As for not letting you turn 2FA off after two weeks, it's their policy. If you don't like it, don't use iCloud. An iPhone will work without iCloud, although the handiness will be reduced. But you will have SMS, the default apps, communications, etc., so the phone functionality will be there. It would be like having just an iPhone and no other Apple product, and you won't be able to add any apps to it other than the default. For some people, that's all it needs to have. If you want more, you have to play by Apple's rules to use Apple's services. And that means 2FA that cannot be turned off after two weeks.

 

[IWT]

Just noticed - congrats on 60,000 posts - that is a vey impressive number.

.

+1 on that. An enormous contribution, Charlie. Thank you.

Ian

 

[Lifeisabeach]

There are ways to minimize this problem as Jake also pointed out, but 2FA without these additional steps you and Jake mentioned was touted as the ultimate security of one's account which in retrospect it didn't turn out to be.
When I read the Apple Marketing blurbs on that, they keep mentioning how secure this concept is because the code is sent to devices "under your control" not realizing how easy it is, at least in Canada, to loose control.
I have read too many horror stories how people have lost thousands of dollars that way that I'm not at all keen on that approach.
What prompted me to even post in this thread was the fact that Apple doesn't let one turn off 2FA after it has been turned on - this is actually unbelievable.
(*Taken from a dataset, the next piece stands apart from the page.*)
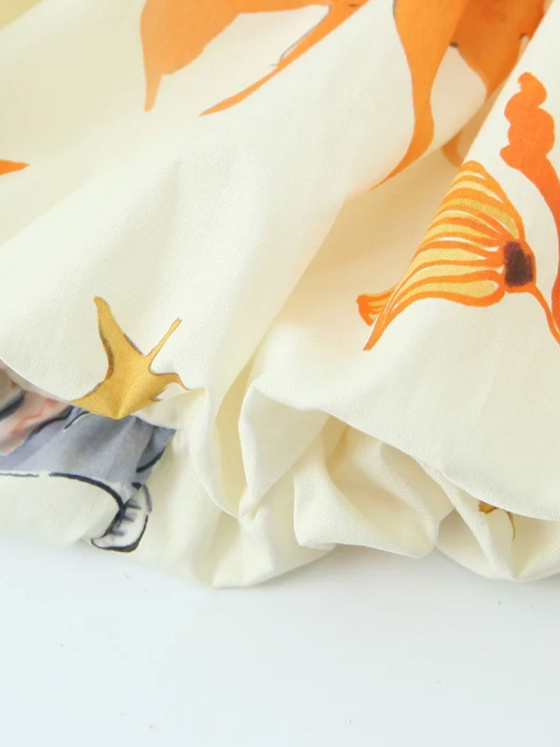 Printed A-Line Mini Dress, Sleeveless Spaghetti Strap, Backless Empire Waist
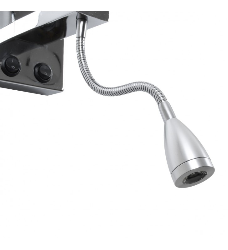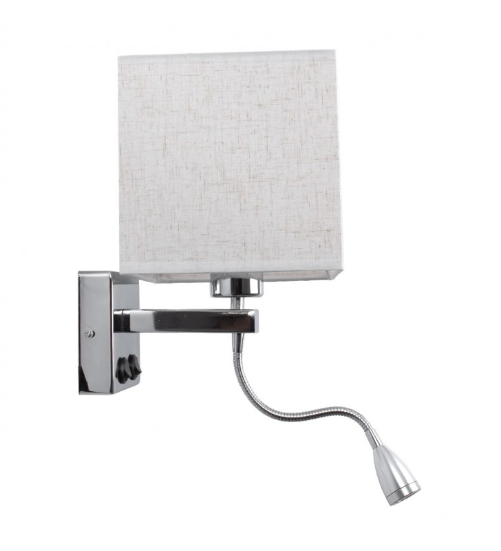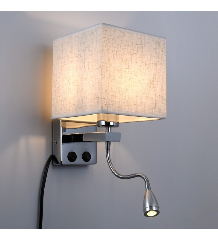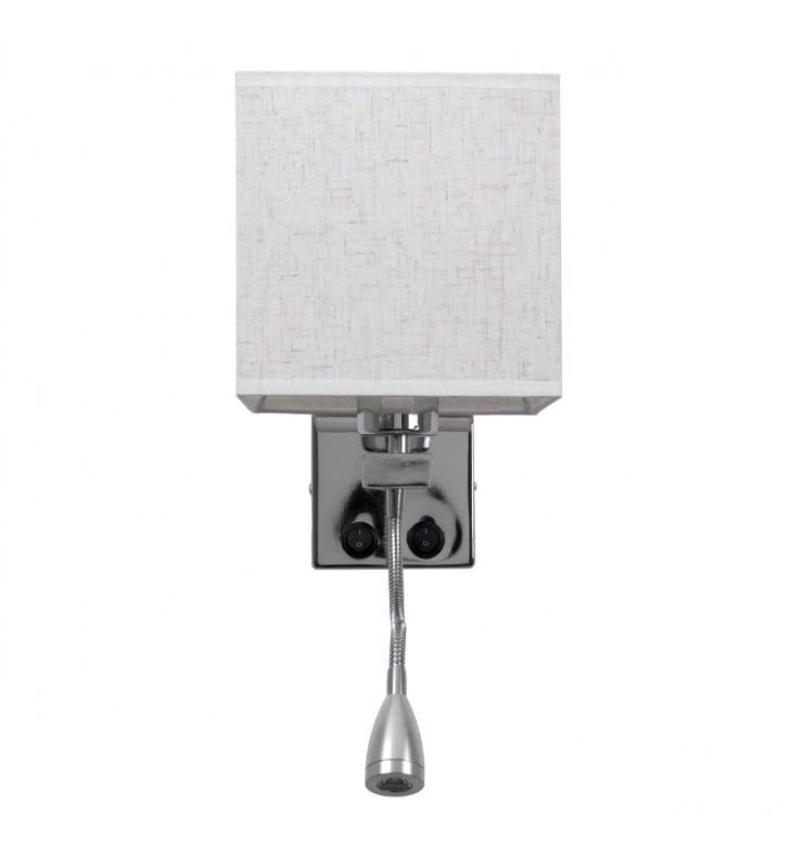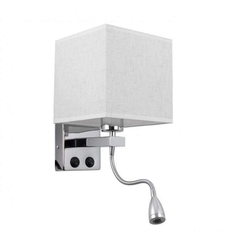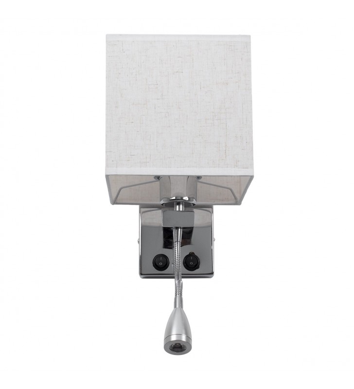 GloboStar® ELEGANT 01495 Μοντέρνο Φωτιστικό Τοίχου Απλίκα Μεταλλικό Χρώμιο Νίκελ με Λευκό Ύφασμα Δίφωτο 1xE27 - Ρυθμίζόμενο Σώμα Σπιράλ με CREE LED 3W Θερμό Λευκό 2700K - Διακόπτες On / Off Μ17 x Π21 x Υ43cm

I'm glad I found out about this now!

You have to unlock your device to get the code. If you have "lost control" of your device, the person who has control of it shouldn't be able to get that code. Unless you have no security on your device, in which case you need to really re-think your security practices.

But when it comes right down to it, every security option is a balance of convenience and, well, how hardened the security is. I do agree it's a little crazy that Apple doesn't have an option to disable 2FA if one chooses to do so. I for one choose NOT to do so, but I support the right of anyone to do so if they choose to, whether it's a practical one for their own needs or a downright foolish one.